Hackers have hijacked the account details of 400,000 Optus Internet dial-up customers launching the biggest computer crime investigation undertaken by the NSW Police.
Both Optus and the NSW Police have confirmed the hack attack in which the entire customer database and account details were hijacked on December 19.
But an Optus spokeswoman denied credit card details were stolen, adding that the information couldn't be compromised in any way, because it was encrypted.
However, reliable sources have told Computerworld that credit card details were stolen, and that details were posted on the Internet for about four hours.
"Optus doesn't use a single field for the information; it breaks it up into separate fields, but it can still be used," a source said.
One Optus customer has had more than $500 stolen from a credit card account, but the spokeswoman said the two incidents were unrelated.
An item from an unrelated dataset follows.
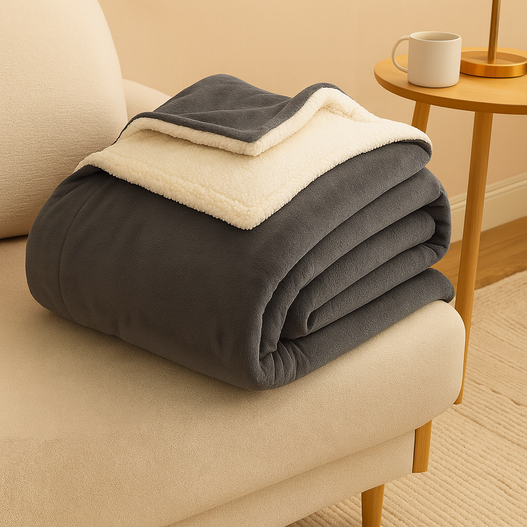 Diese Überwurfdecke verfügt über eine weiche Sherpa-Fleece-Oberfläche, die angenehme Wärme spendet. Ideal für Sofa, Couch oder Bett schafft sie entspannte Momente und eine einladende Atmosphäre im Zuhause.
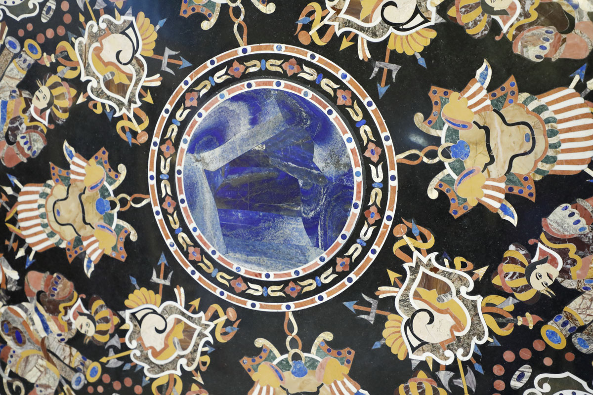 Piano di marmo rotondo intarsiato con pietre semipreziose, diametro 150.

After the December incident occurred, the telco e-mailed its entire Internet database advising customers to change their passwords and user names, the spokeswoman said.
A spokeswoman at the NSW Police Media Unit confirmed the investigation is under way and is being handled by the Commercial Crime Agency, but was unable to release details because investigations were continuing.
She said the Police had a number of good leads simply stating that, "we can confirm there is an investigation under way involving Optus".
IT security consultancy E-Secure Pty Ltd is providing technical support in the investigation, but could not comment due to strict nondisclosure agreements.
The company's general manager of sales and marketing, John Paul Burgess said E-Secure does a lot of work with Optus, but was unwilling to discuss recent security breaches.
According to sources, the NSW Police has been able to narrow the investigation down to three or four computers in South East Asia and is close to a breakthrough in the case, but Optus denied the claims.
The Optus spokeswoman said that as a "responsible corporate citizen" customers were advised of the hack attack and also advised Police were undertaking extensive investigations.
"An e-mail was sent to customers advising them to update their passwords," she said.
Computerworld was unable to find documentation supporting this although the spokeswoman said the media were also advised.
When asked for a copy of the media statement the spokeswoman said some media were advised "verbally".
The spokeswoman also rejected claims in information obtained by Computerworld that Optus customer details had been hacked four times in the past year.
Computerworld understands that sections of data were obtained in a number of hacks over a period of 12 months, before all Internet customer details were taken on December 19.
While refuting these claims as untrue, the Optus spokeswoman said, "The last time we were attacked [before December 19] was two years ago."